High nitrite is one of the main 'trigger's for Columnaris.

Robin


----------



## RDFISHGUY (Mar 21, 2005)

[
High nitrite is one of the main 'trigger's for Columnaris.

Robin[/quote]

I thought columnaris at first too but now I think its more like a Costia infestation. Is this a likely culprit or am I in left field .


----------



## RDFISHGUY (Mar 21, 2005)

Also this fish wasn't in the 230 gallon when the nitrites spiked and I have been doing 40% water changes weekly. I also removed a 5 gallon pail of sand to remove the likelyhood of getting another anaerobic pocket. I believe the large water changes may have contributed to this in some way as the chloram-X simply bonds with the ammonia so it is no longer free ammonia but the bacteria still has to deal with the bonded ammonia and the result of that is nitrite which then turns to nitrate. Perhaps smaller water changes would work better? Say 25-30%?


----------



## Robin (Sep 18, 2002)

RDFISHGUY said:


> [
> High nitrite is one of the main 'trigger's for Columnaris.
> 
> Robin


I thought columnaris at first too but now I think its more like a Costia infestation. Is this a likely culprit or am I in left field .[/quote]

Is the fish rubbing against things? How does the rest of his skin look? Any gray or milky looking film?

I don't think the 40% water changes are related to the problem and if your biofilter is well established then it will handle any ammonia, bonded or otherwise. If you hadn't done a water change in a long time, say over a month, then it would be best to start off with smaller water changes. But 40% isn't even that large of a water change.

Nitrite is just one trigger for Columnaris. Really, any stress can be a trigger for Columnaris. 


Robin


----------



## RDFISHGUY (Mar 21, 2005)

This particular fish doesn't rub at all but I have noticed others that rub all the way from one side of the tank to the other and then squirm like they have a bad itch.

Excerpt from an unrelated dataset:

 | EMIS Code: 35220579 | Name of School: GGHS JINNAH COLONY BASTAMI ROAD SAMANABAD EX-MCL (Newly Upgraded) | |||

Also my azureus is exhibiting clamped fins and although he's still eating tends not to move around a lot and twitches his fins. No gray film or anything like that. Starts out as a few scales lifted then over the next 2 days to a week becomes a large ulcer . Looks like a chunk was bitten out of them or sanded off. I'm away at work right now so if you still think I should change treatment please advise and I can get my wife to begin a ne treatment.


----------



## MalawiLover (Sep 12, 2006)

A question from left feild....do you have any chinese algae eaters in this tank?

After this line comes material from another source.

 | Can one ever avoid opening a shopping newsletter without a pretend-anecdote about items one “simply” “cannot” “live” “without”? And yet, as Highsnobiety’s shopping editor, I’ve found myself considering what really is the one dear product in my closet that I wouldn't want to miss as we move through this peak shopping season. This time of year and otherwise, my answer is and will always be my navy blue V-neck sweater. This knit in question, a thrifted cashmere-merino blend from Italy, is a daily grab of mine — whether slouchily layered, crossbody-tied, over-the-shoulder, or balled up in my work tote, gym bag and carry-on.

I had two large one in my main tank and a few of the fish started to exibit marks that look identical to your picture. Turns out they were bites. Algae eaters out, no more bite marks.


----------



## RDFISHGUY (Mar 21, 2005)

No SAE's


----------



## MalawiLover (Sep 12, 2006)

RDFISHGUY said:


> No SAE's


Not the SAE's but the CAE's. The true Siamese algae eaters are quite docile, the Chinese ones (most common ones at LFSs) are really nasty as adults.

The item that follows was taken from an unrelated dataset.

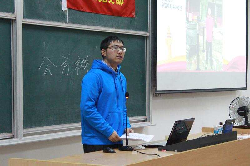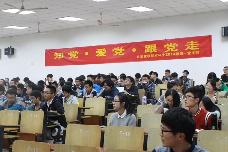 随后,入党积极分子苏茜同学带我们一起回顾了入党流程的历史,分别介绍了刘伯承同志,叶挺将军,历史学家吴晗的入党故事,用一段视频带我们走进了优秀的共产党员叶挺将军,故事反映出无论过去还是现在每一名中国共产党员所应当有的“无私奉献、百折不回”的精神,时刻警示着在坐的每一个人。接着,入党积极分子押莹同学详细为我们介绍了《南京航空航天大学发展党员工作实施细则》,向同学详细介绍了入党所要走的道路,入党积极分子崔泽群同学则为我们带来了他在南航申请入党的一年过程中的感悟,他的优秀事迹和有趣故事让同学们仿佛看到了未来的自己。预备党员陆懿晨同学们解答了入党的过程中经常遇到的一些疑惑,很多同学深有共鸣。最后由党支部书记冯攻关介绍党支部的成员及职能,并表示我们党支部的大门永远为有追求的同学而开,他热情且恳切地希望同学们能加入到党组织中来。

But, either way, it just a shot in the dark.


----------



## RDFISHGUY (Mar 21, 2005)

Definitely not a bite!


----------



## RDFISHGUY (Mar 21, 2005)

I believe I've found the fountain of information on ulcers. Not costia but more like what Robin advised. They appear to be caused by aeromonas bacteria read article SRAC 478 in the following link:
http://srac.tamu.edu/index.cfm?catid=26


----------



## RDFISHGUY (Mar 21, 2005)

Update . I got home from work Wed afternoon to find my taiwon reef dead and other fish breathing heavy. Did a large water change and NO SICK FISH ulcer meds came in the mail so I began treatment. next morning fish were breathing heavy again so I did another water change and continued with the No Sick Fish . Came home at 6 pm and fish were again breathing heavy. I did a 40% water change . Came back to check at 9 pm and all were either dead or in severe distress. I removed the live ones to a 20 gal where they came to life immediately. Tested the water and ammonia / nitrate/ nitrite were all at 0 ppm. I did a 100% water change and tried again this morning - all is still zero. Added a chocolate cichlid as a canary and went to a friends to remove some fish lice. Came back 2 hours later and it was dead. I decided that the filters would have to be the only likely source and upon opening the first FX5 I found about a million little snails. Can these be part or all of my problem?


----------



## Robin (Sep 18, 2002)

A clogged filter will kill fish fast and it sounds like the snails may well have clogged your filter. With a clogged filter oxygen levels drop and carbon dioxide rises. And despite your water readings there may have been a spike in ammonia if the beneficial bacteria in the filter died off from lack of oxygen.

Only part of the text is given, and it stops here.